Raja Vavekanand Department of Information Technology, Benazir Bhutto Shaheed University Lyari Karachi, Pakistan
Aybek Kalandarov Ruzimbaevich Department of Foreign Languages, Urgench Ranch University of Technology, Urgench, Uzbekistan
Muhabbat Jumaniyozova Department of Methodology of Primary Education, Urgench State University, Urgench, Uzbekistan

Abstract

Large language models (LLMs) excel at various natural language tasks, even those beyond their explicit training. Fine-tuning these models on smaller datasets enhances their performance for specific tasks but it can also lead to risk of training data memorization, raising privacy concerns. This study explores the extraction of private training data from fine-tuned LLMs through a series of experiments. The focus is on assessing the ease of data extraction using various techniques and examining how factors such as the size of training data, number of epochs, training sample length and content, and fine-tuning parameters influence this process. Our results indicate that data extraction is relatively straightforward with direct model access, especially when training loss is computed over entire prompts. Models with higher precision (8-bit and 16-bit) demonstrate increased memorization capabilities compared to 4-bit quantized models. Even without direct access, insights into training data can be obtained by comparing output probability scores across multiple queries. Furthermore, the study also reveals that the proportion of extractable data increases with training dataset size, given a fixed number of epochs. These findings highlight the privacy risks faced by individuals whose data is used in fine-tuning, as well as for organizations deploying fine-tuned models in public applications.

Keywords:

fine-tuning, large language models, data extraction, quantized low-rank adaptation (QLoRA)

References

1. Z. Allen-Zhu, Y. Li, Physics of language models: Part 3.3, knowledge capacity scaling laws, arXiv, 2024, https://doi.org/10.48550/arxiv.2404.05405.

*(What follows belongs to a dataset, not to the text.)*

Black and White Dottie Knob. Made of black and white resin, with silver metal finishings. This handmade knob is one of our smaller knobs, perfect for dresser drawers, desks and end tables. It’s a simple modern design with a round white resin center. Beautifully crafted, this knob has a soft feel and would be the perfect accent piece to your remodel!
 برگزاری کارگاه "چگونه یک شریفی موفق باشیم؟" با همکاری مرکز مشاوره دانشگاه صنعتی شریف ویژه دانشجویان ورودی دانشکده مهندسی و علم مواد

2. T.B. Brown et al., Language models are few-shot learners, [in:] Advances in Neural Information Processing Systems, H. Larochelle, M. Ranzato, R. Hadsell, M.F. Balcan, H. Lin [Eds.], Vol. 33, pp. 1877–1901, Curran Associate, 2020, https://proceedings.neurips.cc/paper/2020/file/1457c0d6bfcb4967418bfb8ac142f64a-Paper.pdf.

3. N. Carlini et al., Extracting training data from large language models, [in:] Proceedings of the 30th USENIX Security Symposium, August 11–13, pp. 2633–2650, USENIX Association, 2021, https://www.usenix.org/system/files/sec21-carlini-extracting.pdf.

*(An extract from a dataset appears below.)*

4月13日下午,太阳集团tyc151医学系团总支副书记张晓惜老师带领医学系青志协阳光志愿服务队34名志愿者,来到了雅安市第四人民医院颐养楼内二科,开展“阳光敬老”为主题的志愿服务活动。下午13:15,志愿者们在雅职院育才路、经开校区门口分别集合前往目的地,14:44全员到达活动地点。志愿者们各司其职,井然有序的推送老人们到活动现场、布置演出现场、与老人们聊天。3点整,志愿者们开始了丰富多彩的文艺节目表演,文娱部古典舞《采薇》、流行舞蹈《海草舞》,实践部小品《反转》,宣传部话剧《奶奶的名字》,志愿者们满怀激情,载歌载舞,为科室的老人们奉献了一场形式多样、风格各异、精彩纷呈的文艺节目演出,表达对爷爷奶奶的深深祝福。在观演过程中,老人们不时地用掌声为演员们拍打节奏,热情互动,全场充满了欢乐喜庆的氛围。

4. X. Jiang, L. Yan, R. Vavekanand, M. Hu, Large language models in healthcare current development and future directions, 2024, https://doi.org/10.20944/preprints202407.0923.v1.

5. N. Carlini, D. Ippolito, M. Jagielski, K. Lee, F. Tramer, C. Zhang, Quantifying memorization across neural language models, [in:] The Eleventh International Conference on Learning Representations, 2023, https://openreview.net/forum?id=TatRHT_1cK.

6. T. Dettmers, A. Pagnoni, A. Holtzman, L. Zettlemoyer, QLORA: Efficient finetuning of quantized LLM, [in:] NIPS '23: Proceedings of the 37th International Conference on Neural Information Processing Systems, Article No.: 441, pp. 10088–10115, 2023.

7. E.J. Hu et al., LoRA: Low-rank adaptation of large language models, [in:] International Conference on Learning Representations (ICLR), 2022, https://openreview.net/forum?id=nZeVKeeFYf9.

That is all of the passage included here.